Writing Craft: Discovering your characters

by - October 06, 2012

Does your character like risotto or paella?

Before I start writing a new book, I like to do a lot of planning. I write a lot of description of my main characters—what they look like, what their childhood was like, what their hopes and dreams are. But it’s only when I start writing the story that I start to find out more about them. Do they like reading? What kind of books do they enjoy? Would they be the kind of person who owns an ereader, or is it dead trees all the way?

The other day I was writing a scene in which the heroine cooked dinner for the hero. In my initial draft I had her cooking risotto, simply because I couldn’t see her cooking a roast lamb, for instance. But when I reread the scene, risotto didn’t seem right, so I changed it to paella. Paella suited her much better, I thought. Paella was spicy, messy, robust. It was her. Now it made no difference to the scene whether she cooked risotto or paella, and the hero would have enjoyed whatever she made, but it made a difference to me. It’s this level of detail I wouldn’t have thought of in my initial planning. Only when I came to write the scene did I realise that she was a paella girl.
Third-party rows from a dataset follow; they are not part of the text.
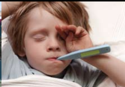
The 24-hour pharmacy?
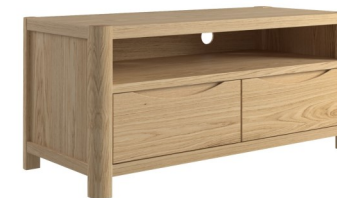
TV Unit 2 Drawers W110 x D50 x H50

Highclere Business Park, Inverurie, Aberdeenshire AB51 5QW
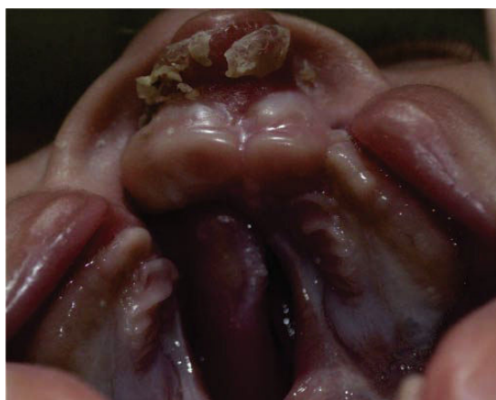
Figure 9. Initial intraoral photography.
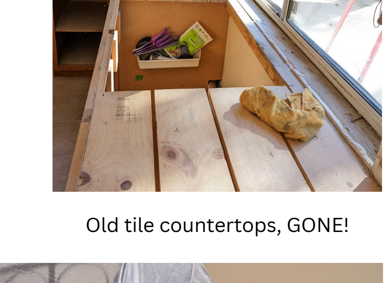
Old tile countertops, GONE!
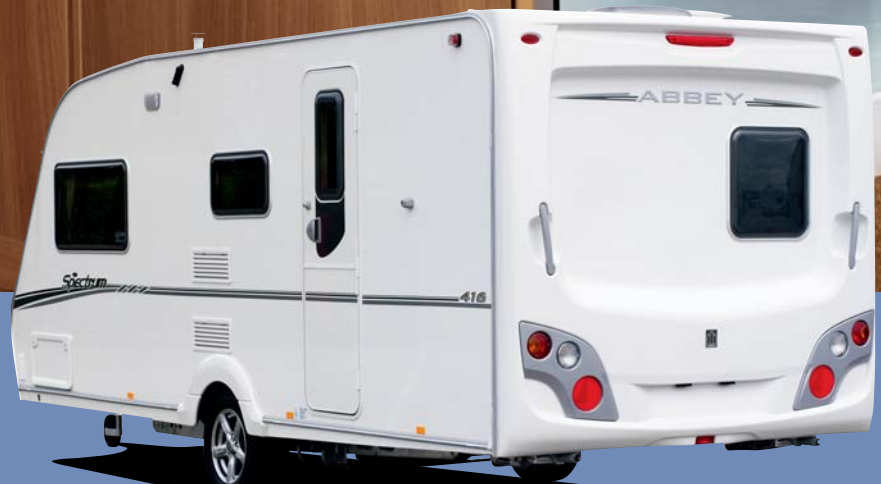
Left: Spectrum 416
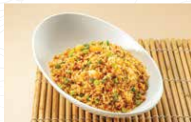
潮酱一品炒饭 fried rice with teochew spicy sauce RM38 每份/ per portion
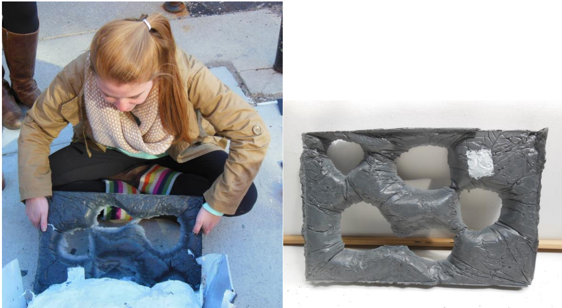
Fig. 9+10 The creation of voids through a wall panel for view and light transmission. The texture is created by the folds in the thin plastic sheeting.
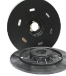
(2) 12" Pad Driver Dual Set w/ Pad Centering Clamp A0034-Dual
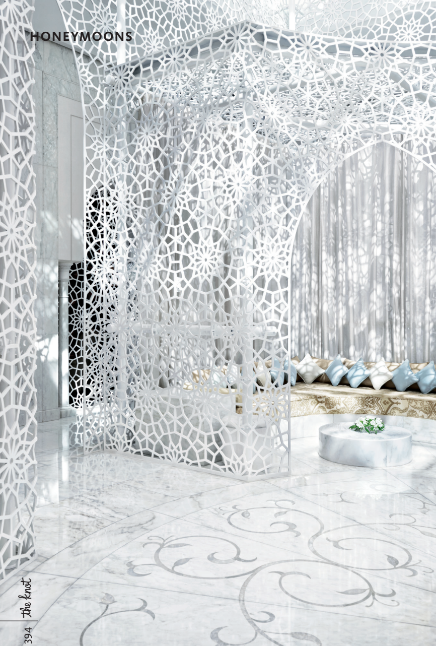
394 | The Knot
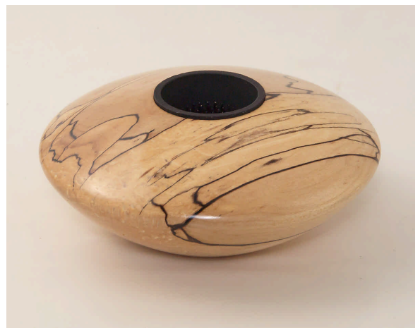
Greg Ellyson-spalted maple -lacquer- POM
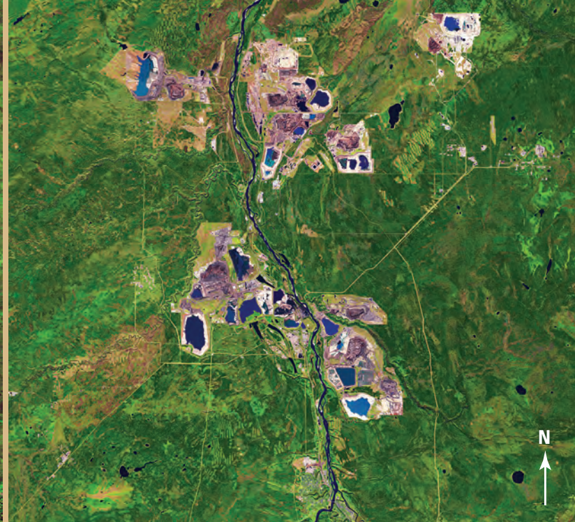
Figure 1. Landsat 1 (left image) on August 20, 1974, shows minimal open-pit mining activity near Fort McMurray, Alberta, Canada. Landsat 8 (right image) shows the dramatic difference on October 1, 2015, as open-pit mining is widely evident where oil is being extracted from tar sands and shipped by pipeline to the United States.

From 438 miles above Earth, Landsat satellite sensors collect data that help verify a central tenet of industrial growth across the world—the changing use of land to increase its economic output. Landsat satellite sensors capture industrialization data as Brazilian tropical forests are repurposed for soybean fields, and as open-pit mining in the tar sands of northern Alberta lays open the landscape to send oil flowing to the United States (fig. 1).
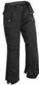
Ascent Hard Shell Pant
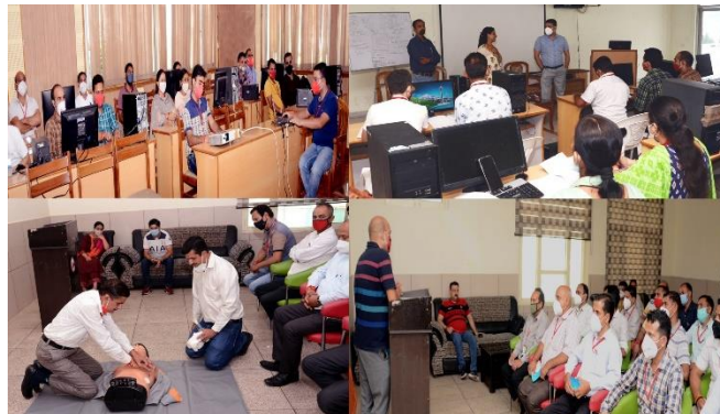
Training programmes conducted by Shri Mata Vaishno Devi Shrine Board for staff working in various units

Training Programme on the STP installed at Adhkuwari and Basic F&B services (especially for VVIP services) etc.
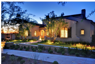
10. Lot 2407, Silverleaf, Custom Home

By writing the first draft I discover so much more about my characters, their motivations, and their conflicts. The characters, who before were just a list of words in my plan, become real people. My first draft is messy, laden with clichés and mistakes, missing important scenes, lacking the right pace, but it’s also where my characters start to breathe and (hopefully) behave like real people, even to the point of preferring paella over risotto.